I have to digress again to tell you all a little story …

The last time I was on this road was over 35 years ago, in 1979, when I was moving back to Dallas after a couple of years in Denver.  My brother Andy flew up to help me drive the U-haul. Pretty uneventful trip, unless you count the run-in Andy had with the roof of a Dairy Queen in Chillicothe as I was asleep in the passenger seat.  Not understanding the concept of “clearance”, he tried to use the drive-thru and sheared off about 25 feet of their overhang.  I’m jostled awake as my brother sharply turns across traffic into the parking lot.  I come full awake to a loud crunching sound as metal meets wood.  And then the next thing I hear … from my brother … is “Shit. I didn’t bring my driver’s license.”  My immediate response was “You flew up to help me drive a f**king truck for 14 hours, and you didn’t bring your driver’s license???”

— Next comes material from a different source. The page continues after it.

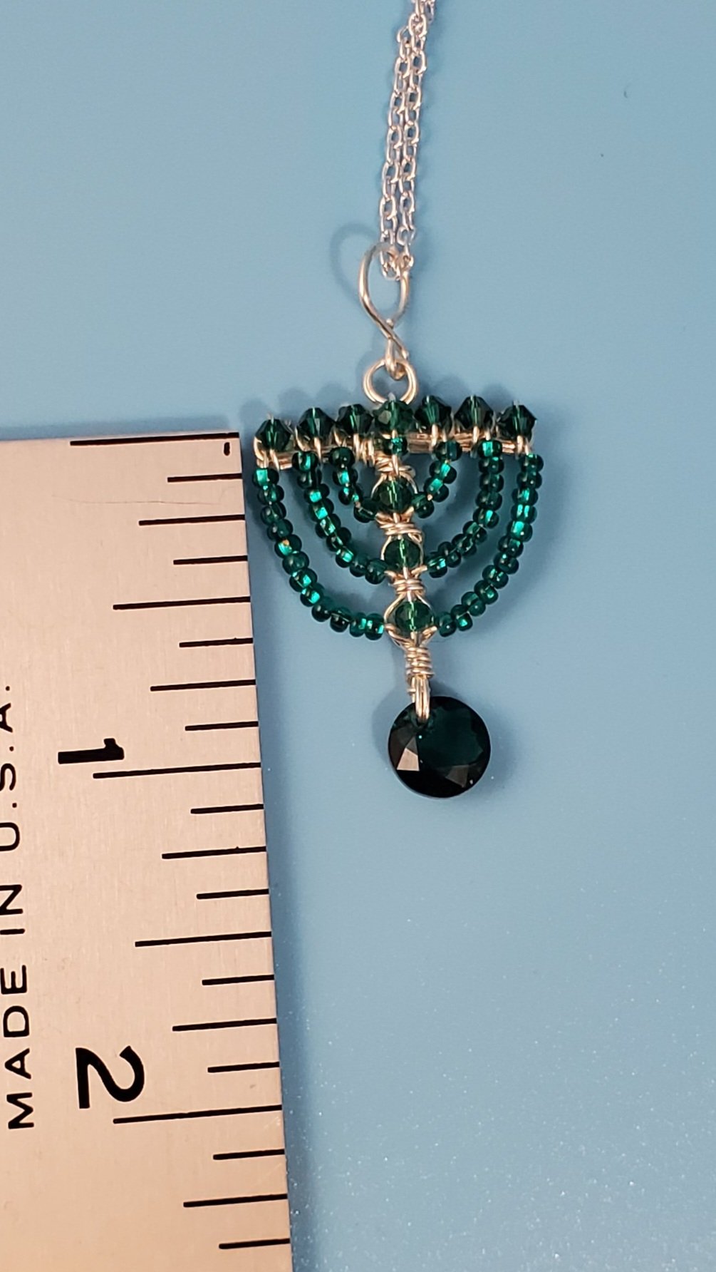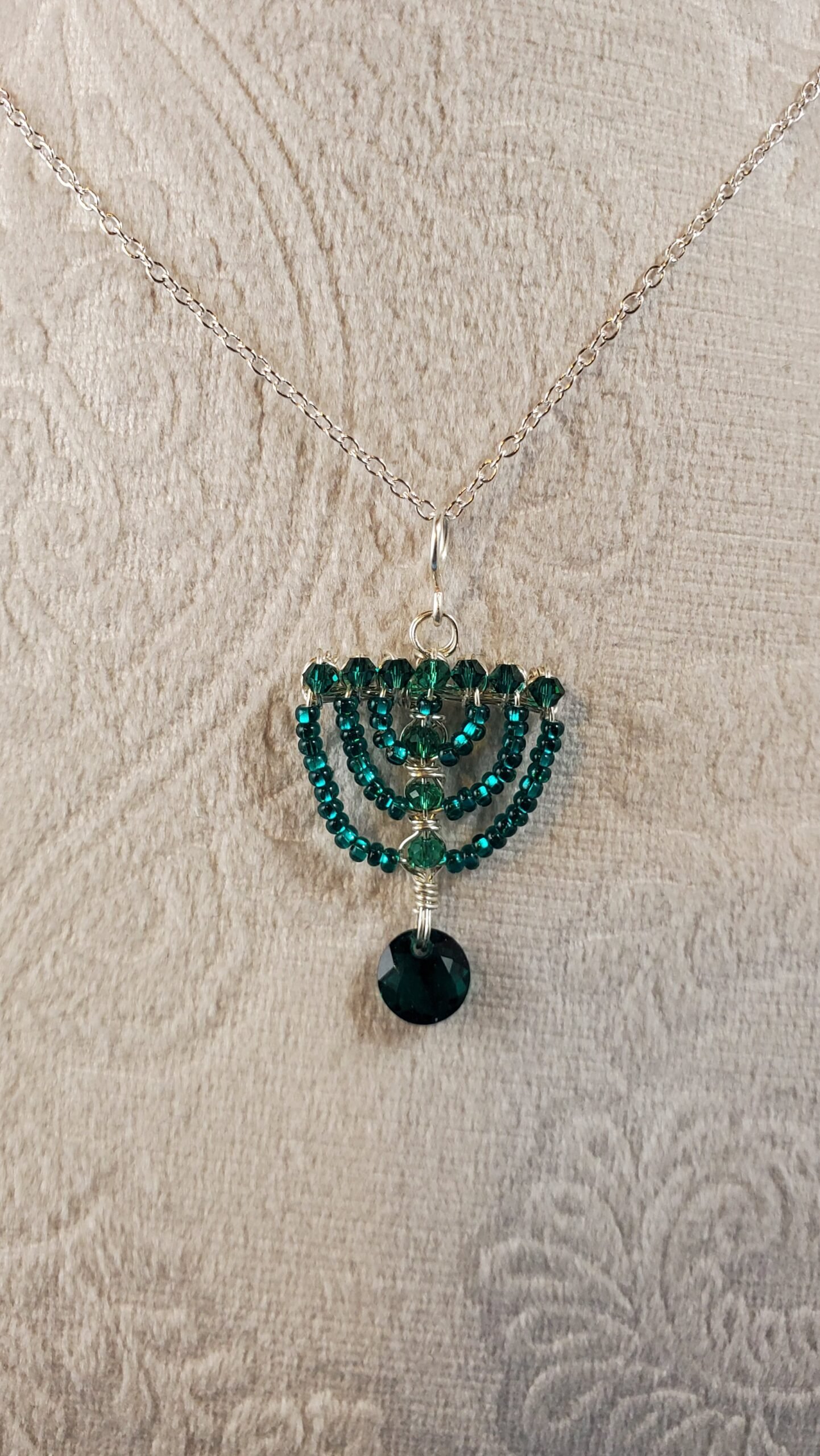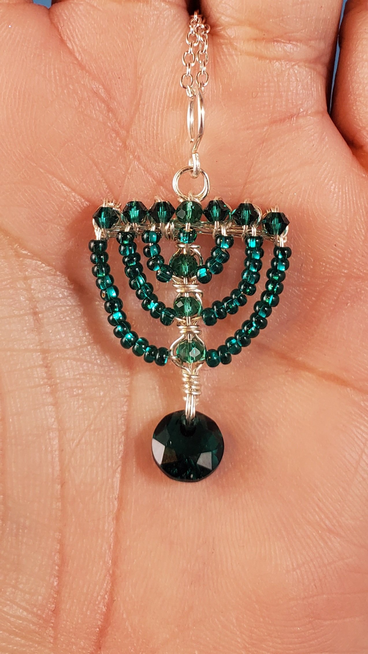 This angelic Humility Menorah is a masterpiece of meticulous craftsmanship. Intricately woven from silver-coated copper wire, it is illuminated by the rich glow of genuine Emerald Swarovski crystals and delicate emerald seed beads. A divine center-piece for any home

The only roofer … and the only cop … in town were both eathing in the Dairy Queen.  They come out while I’m yelling at my brother.  After we make restitution arrangements with the DQ owner, the cop tells my brother, “Son, I’m not gonna give you a ticket – your brother sounds like he’s gonna put you through hell the rest of the way to Dallas and I think that will be enough punishment for ya.”

I never thought I’d see Chillicothe again in this lifetime.  Andy, if you’re reading this, I’ll give a little wave to the DQ as I drive by!

July 21, 2015 – August 13, 2015
Pleasant Valley RV Park and Campground
Howard, CO

Pleasant Valley RV Park and Campground

Pleasant Valley RV Park and Campground. Doesn’t that river look fantastic?

Frank and I have about a two hour drive this day. A half-hour on I-25 up to Pueblo and then about 90 minutes due west to Howard.  When I called these folks to ask about their facilities, I found out they didn’t offer electricity in their tent sites.  I asked about using my generator overnight, to power my c-pap machine. She said it would probably be okay, but they’d put me at the furthest campsite so I wouldn’t disturb anyone else. I called back a week later to make reservations and reminded her about the c-pap conversation, as a way of helping her remember who she was speaking with.  She said, “Okay … yeah … I told my husband and he said, ‘he’s not gonna disturb anybody, just let him have any damn site he wants!'”  (I’m going to really enjoy dealing with reasonable folk especially after some of the clients I’ve had!)

She told me she’d give me the monthly rate.  The type of guy that I am, I said, “Just to be clear, I’m going to be there about 6 days short of a month,” and she told me not to worry about it.  Very cool.  I’ll be right next to the Arkansas River (take a look at the photo) and it looks like it’ll be a great place to chill, do some fishing and relaxing.  Cost at the monthly rate – $16.14 / night and the reservation has been made.  I’m thinking about going down to the local Charleston Angler shop – I’ve always wanted to learn fly fishing (having focused mostly on bass when it comes to fresh water).  They have a 6-hour class on February 21st and I think that would be a good use of a Saturday afternoon.  Lord knows I’m going to have plenty of time now to practice!

Oh yeah, I’m planning on exercising my legal Colorado rights while I’m there, too.  The first time in 23 years I’ve indulged.  I’ll probably stick to edibles so as not to disturb any of the families there.  I checked it out – there’s a retail outlet about 15 minutes away, in Salida.  I’ll stop by there at some point my first week.

If things go according to plan … and I fill the TBD’s with the places I’ve penciled in … my camping / motel fees will be a little over $24 a day. Get this, though – that’ll drop to less than $11 a day for the following 6 1/2 months!  But I’m jumping ahead of myself. Tomorrow, I’ll fill in the details on the rest of the plan through October.